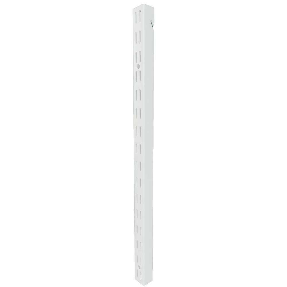 Для фиксации аксессуаров на нужной высоте стойка имеет пазы по всей длине. Элемент изготовлен из окрашенной стали и подходит для использования в навесных системах хранения в прихожих, кладовых, гардеробных, шкафах-купе.
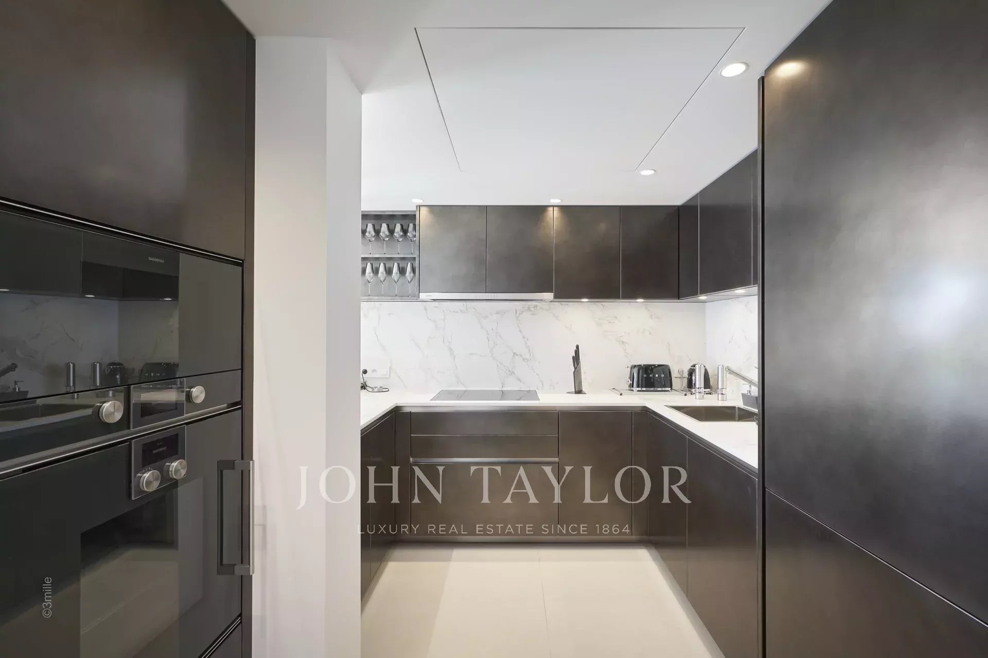 - une large et lumineuse pièce de réception avec cuisine ouverte entièrement équipée
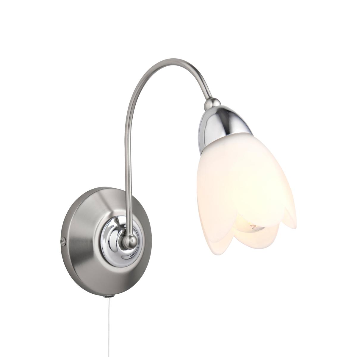 This single wall light is one item within a wider range with a chrome and satin chrome effect and matt opal glass finish. This fitting has a pull cord switch, is dimmable and suitable for use with LED lamps. Antique brass finish also available.
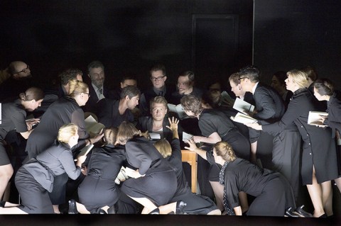 Freie, häufig rätselhafte Bilder ziehen sich durch alle Szenen, bis das Werk eineinhalb Stunden später mit dem gesamten, fast nackt wirkenden Ensemble endet.
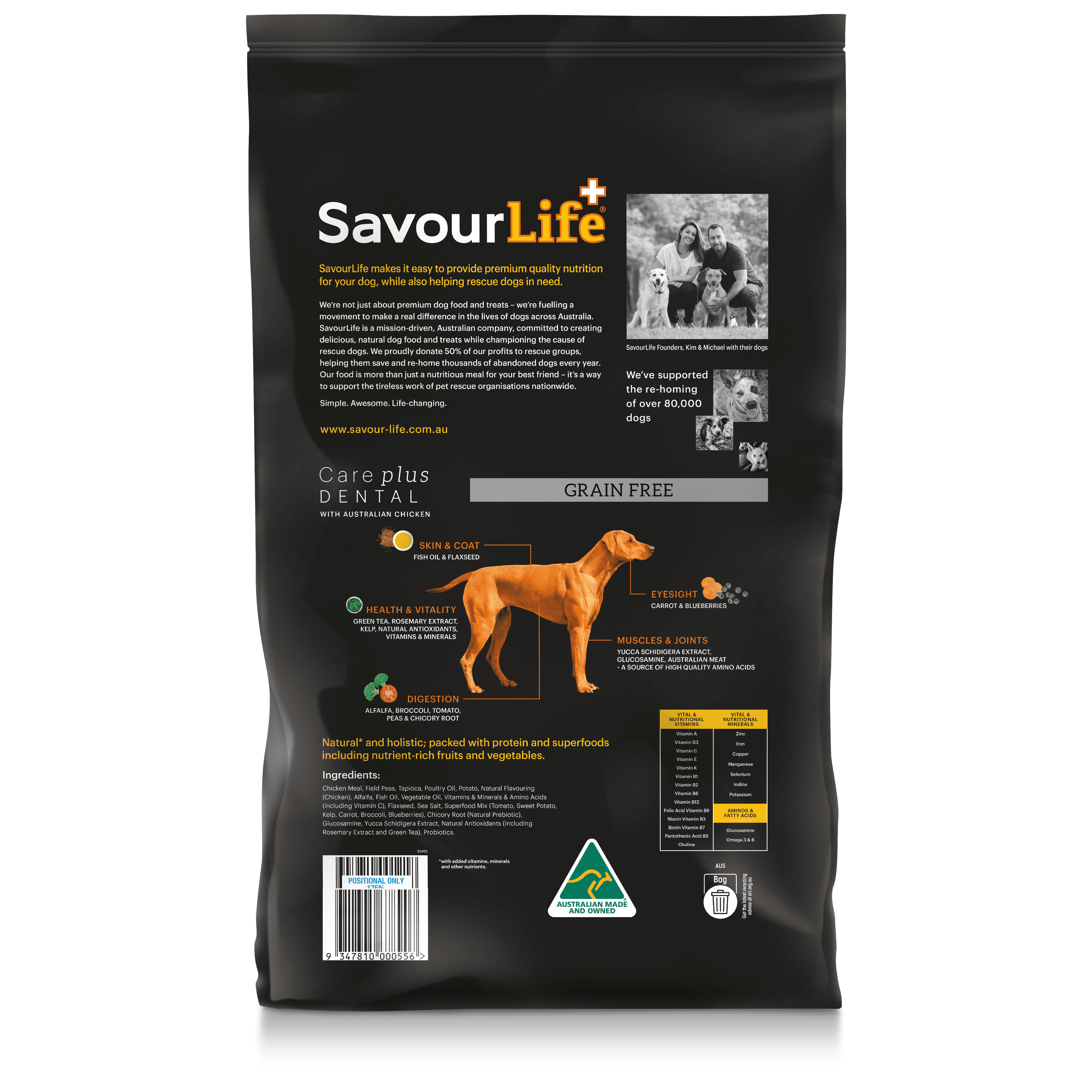 Chicken Meal, Field Peas, Tapioca, Poultry Oil, Potato, Natural Flavouring, Alfalfa, Fish Oil, Vitamins & Minerals & Amino Acids, Flaxseed, Sea Salt, Superfood Mix (Tomato, Sweet Potato, Kelp, Carrot, Broccoli, Blueberries), Yucca Schidigera Extract, Chicory Root (Natural Prebiotic), Glucosamine, Natural Antioxidants (including Rosemary Extract and Green Tea), Probiotics
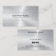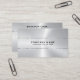 Create your own business card with our design featuring an image of a metallic silver stainless steel texture with a shiny silver stripe as a design element, with customisable black typography.
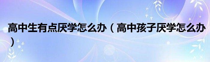 关于高中生有点厌学怎么办,高中孩子厌学怎么办这个很多人还不知道,今天菲菲来为大家解答以上的问题,现在让我们一起来看看吧!
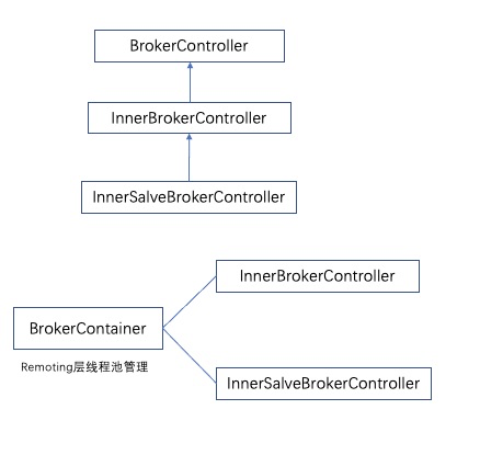 }The BrokerContainer will manage multiple innerBrokerControllers and innerSlaveBrokercontrollers. InnerBrokerController inherits from the brokerController and has the ability to reuse the brokerController. InnerSlaveBrokerController inherits from the innerBrokerController and has the ability to reuse the innerBrokerController, InnerBrokerController and innerSlaveBrokerController in the same BrokerContainer share the transport layer.
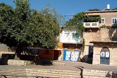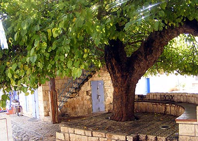עץ התות בכיכר המעיין בפקיעין. המעיין היה לבו של הכפר עד שנות ה-70
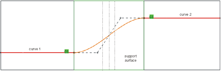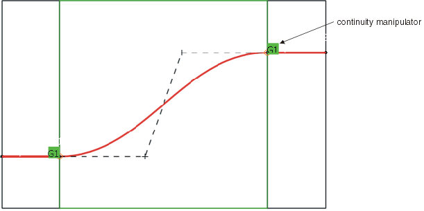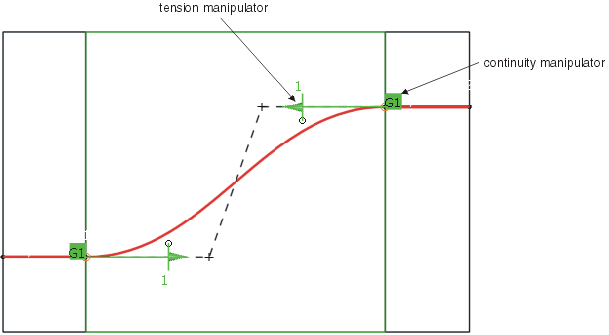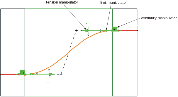 The created blend curve can subsequently be modified by manipulators for editing continuity, tension, and limit.
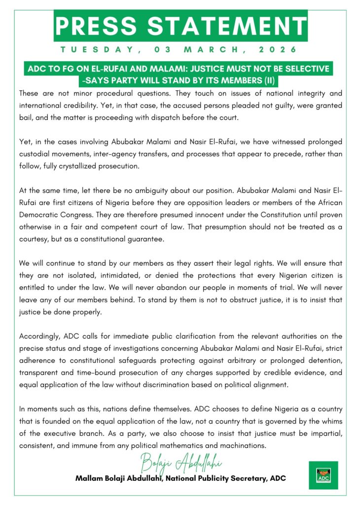 As a law-abiding party, it is important to state for the record that the ADC believes no citizen, regardless of stature or past office, is above the law. However, in a constitutional democracy where the law is seen to operate selectively, it becomes imperative to insist, firmly and without apology, that justice must be applied evenly, transparently, and without political calculation, particularly in cases such as those involving Abubakar Malami and Nasir El-Rufai, where the manner, speed, and sequence of enforcement actions have understandably raised serious public concern about consistency and fairness.
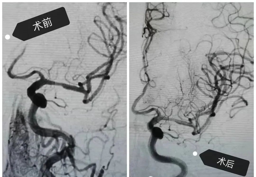不幸的是溶栓2小時(shí)后,患者病情再次加重,出現(xiàn)不能說話,右側(cè)肢體全癱的病癥,考慮到再次梗塞的情況發(fā)生。卒中小組-神經(jīng)外科王芃主任緊急會(huì)診后建議全腦血管造影術(shù)(DSA)及介入治療,術(shù)中顯示患者左側(cè)大腦前動(dòng)脈閉塞,需立即采取動(dòng)脈內(nèi)開通技術(shù),再通大腦前動(dòng)脈后幫助患者轉(zhuǎn)危為安。術(shù)后患者病情很快好轉(zhuǎn),語言和肢體功恢復(fù),經(jīng)短期康復(fù)后出院。
------------------------------------------------------------------------
Would you copy out, exactly and with no pictures, only the lines above from the one that contains "This single wall" through the one that contains "Freie, häufig rätselhafte"?

§ RESULT FOR THIS TASK
 This single wall light is one item within a wider range with a chrome and satin chrome effect and matt opal glass finish. This fitting has a pull cord switch, is dimmable and suitable for use with LED lamps. Antique brass finish also available.
 Freie, häufig rätselhafte Bilder ziehen sich durch alle Szenen, bis das Werk eineinhalb Stunden später mit dem gesamten, fast nackt wirkenden Ensemble endet.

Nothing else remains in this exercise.